**Recorded data:**
□ □ □ □

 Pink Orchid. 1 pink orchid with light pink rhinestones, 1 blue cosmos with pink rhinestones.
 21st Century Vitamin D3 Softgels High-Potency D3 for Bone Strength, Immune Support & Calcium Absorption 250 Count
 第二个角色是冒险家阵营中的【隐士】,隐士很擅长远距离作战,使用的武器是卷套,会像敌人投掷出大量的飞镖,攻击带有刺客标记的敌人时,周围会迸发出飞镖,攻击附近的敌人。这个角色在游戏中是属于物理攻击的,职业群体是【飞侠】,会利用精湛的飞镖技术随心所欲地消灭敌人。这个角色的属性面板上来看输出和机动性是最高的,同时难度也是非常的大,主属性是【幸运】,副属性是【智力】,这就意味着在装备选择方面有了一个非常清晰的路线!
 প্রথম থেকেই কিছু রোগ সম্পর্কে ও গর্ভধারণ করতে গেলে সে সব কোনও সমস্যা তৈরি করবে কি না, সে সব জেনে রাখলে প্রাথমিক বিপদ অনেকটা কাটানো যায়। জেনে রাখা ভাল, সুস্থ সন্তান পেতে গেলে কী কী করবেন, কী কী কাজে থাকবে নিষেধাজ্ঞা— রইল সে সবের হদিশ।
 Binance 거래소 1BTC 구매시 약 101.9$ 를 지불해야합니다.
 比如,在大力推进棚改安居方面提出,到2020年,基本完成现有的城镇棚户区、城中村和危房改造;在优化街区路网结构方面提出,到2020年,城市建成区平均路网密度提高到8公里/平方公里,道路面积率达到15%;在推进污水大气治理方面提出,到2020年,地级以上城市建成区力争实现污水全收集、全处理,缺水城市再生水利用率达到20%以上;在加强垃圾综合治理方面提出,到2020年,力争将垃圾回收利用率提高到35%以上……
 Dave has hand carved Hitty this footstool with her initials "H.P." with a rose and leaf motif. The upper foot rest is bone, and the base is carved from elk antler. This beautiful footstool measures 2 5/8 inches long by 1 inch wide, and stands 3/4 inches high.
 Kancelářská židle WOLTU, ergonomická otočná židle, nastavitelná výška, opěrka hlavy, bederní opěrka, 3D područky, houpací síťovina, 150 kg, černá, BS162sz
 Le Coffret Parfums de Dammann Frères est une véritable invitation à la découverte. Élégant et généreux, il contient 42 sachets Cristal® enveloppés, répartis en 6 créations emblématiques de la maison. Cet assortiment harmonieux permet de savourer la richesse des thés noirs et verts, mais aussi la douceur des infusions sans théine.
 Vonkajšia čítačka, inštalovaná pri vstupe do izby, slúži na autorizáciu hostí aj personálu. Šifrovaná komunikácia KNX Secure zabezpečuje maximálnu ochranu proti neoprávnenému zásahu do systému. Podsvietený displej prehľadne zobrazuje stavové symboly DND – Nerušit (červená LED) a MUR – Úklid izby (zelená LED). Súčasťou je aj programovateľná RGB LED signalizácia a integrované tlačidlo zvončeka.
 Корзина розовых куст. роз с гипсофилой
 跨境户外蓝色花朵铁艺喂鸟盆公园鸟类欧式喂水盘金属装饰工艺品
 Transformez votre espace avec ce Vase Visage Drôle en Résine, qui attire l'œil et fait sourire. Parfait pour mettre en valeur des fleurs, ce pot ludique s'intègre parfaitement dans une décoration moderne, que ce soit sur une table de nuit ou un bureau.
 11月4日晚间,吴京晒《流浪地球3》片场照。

□ □ □ □

**AIM OF THE TASK:** Take every line above carrying "with" and return it.

**FINISHED TASK:**
 Pink Orchid. 1 pink orchid with light pink rhinestones, 1 blue cosmos with pink rhinestones.
 Dave has hand carved Hitty this footstool with her initials "H.P." with a rose and leaf motif. The upper foot rest is bone, and the base is carved from elk antler. This beautiful footstool measures 2 5/8 inches long by 1 inch wide, and stands 3/4 inches high.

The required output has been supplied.